What the exercise asks
Return the records exactly as they appear below, omitting the pictures.

#### Data extracts ####

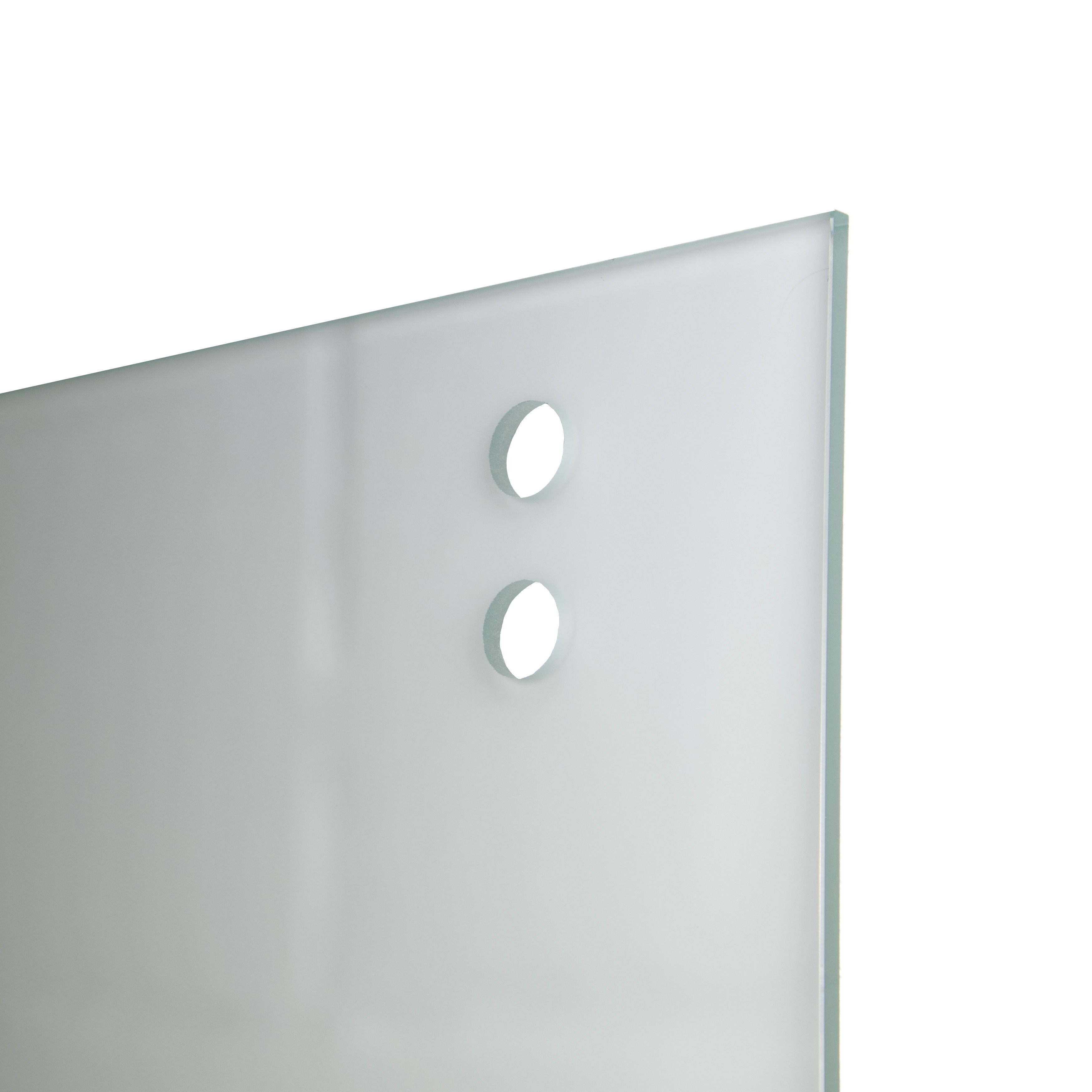 Het deurblad is vervaardigd in mat, verzuurd, gehard veiligheidsglas met afgeschuinde zijkanten. Het blad beschikt over 2 voorgeboorde gaten voor de ophanging en 2 voorgeboorde gaten voor de trekker.
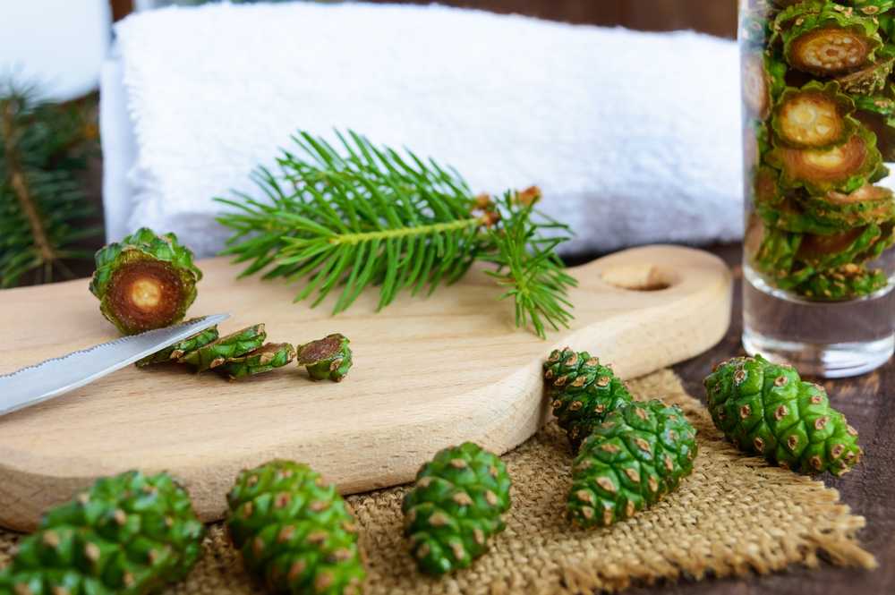 Первым делом необходимо правильно собрать основной компонент лекарственного средства. Зона произрастания сосны должна быть расположена вдали от крупных городов, промышленных производств, автомобильных трасс, не загрязнена другими источниками тяжелых металлов и токсинов. Лучшим эффектом обладают зеленые сосновые шишки, поэтому рекомендуется собирать их с мая по июнь. Подходящий размер – до 4 см, на ощупь мягкие. Дерево должно быть здоровым, без признаков заселения вредителями.
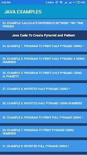 To rock java programming you must develop your skill with example or programs. Java Examples App app helps you to refer a great collection java programs on the go and Helps you improve Logical thinking of various problems related to Programming. Java Examples Application give source code and output for various Java Programs or examples.
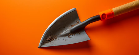 Close up of a Dirty Garden Trowel on a Vibrant Orange Background Gardening and Agriculture Tool Concept AI Generative
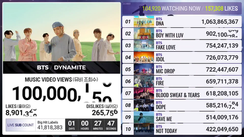 방탄 다이너마이트 다들 어때? +)) 조회수 1억뷰 돌파!!
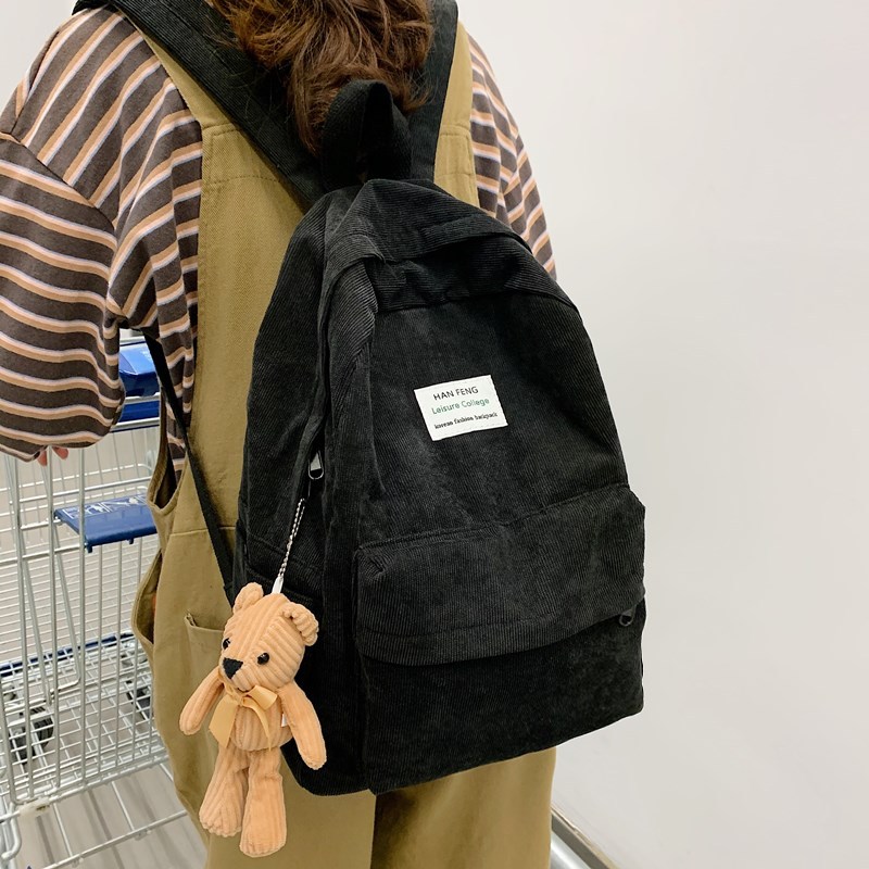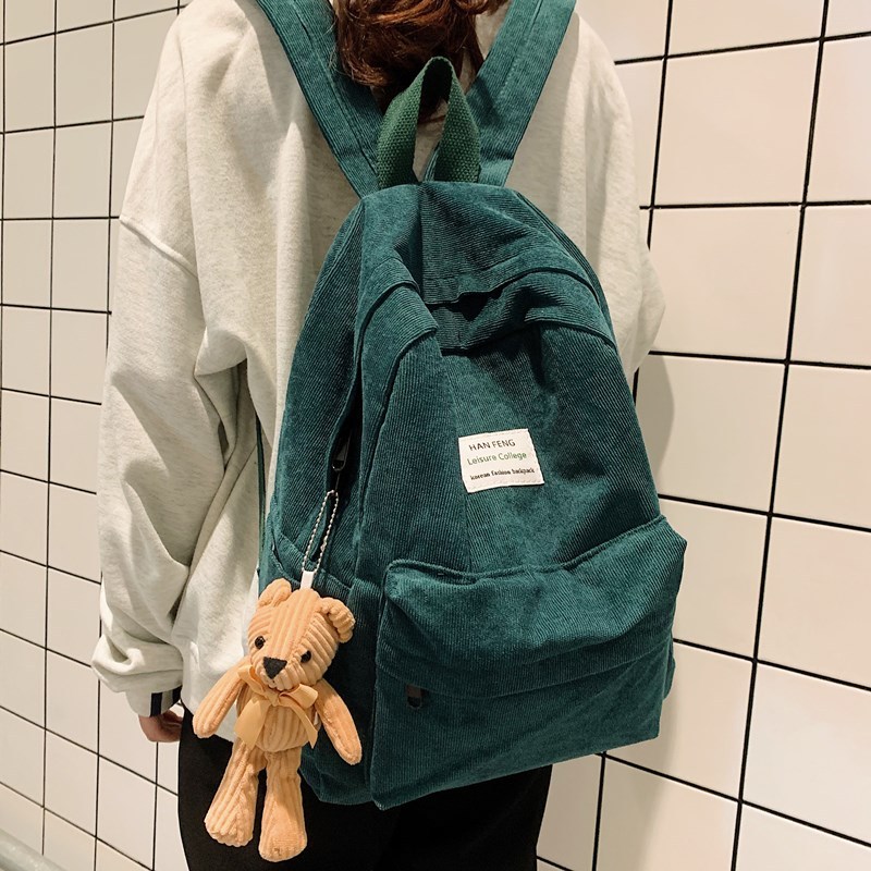 【日系燈芯絨森系後背包】日系文藝森系氣質純色書包親膚燈芯絨材質女雙肩後背包

####

Solution for this exercise
 Het deurblad is vervaardigd in mat, verzuurd, gehard veiligheidsglas met afgeschuinde zijkanten. Het blad beschikt over 2 voorgeboorde gaten voor de ophanging en 2 voorgeboorde gaten voor de trekker.
 Первым делом необходимо правильно собрать основной компонент лекарственного средства. Зона произрастания сосны должна быть расположена вдали от крупных городов, промышленных производств, автомобильных трасс, не загрязнена другими источниками тяжелых металлов и токсинов. Лучшим эффектом обладают зеленые сосновые шишки, поэтому рекомендуется собирать их с мая по июнь. Подходящий размер – до 4 см, на ощупь мягкие. Дерево должно быть здоровым, без признаков заселения вредителями.
 To rock java programming you must develop your skill with example or programs. Java Examples App app helps you to refer a great collection java programs on the go and Helps you improve Logical thinking of various problems related to Programming. Java Examples Application give source code and output for various Java Programs or examples.
 Close up of a Dirty Garden Trowel on a Vibrant Orange Background Gardening and Agriculture Tool Concept AI Generative
 방탄 다이너마이트 다들 어때? +)) 조회수 1억뷰 돌파!!
 【日系燈芯絨森系後背包】日系文藝森系氣質純色書包親膚燈芯絨材質女雙肩後背包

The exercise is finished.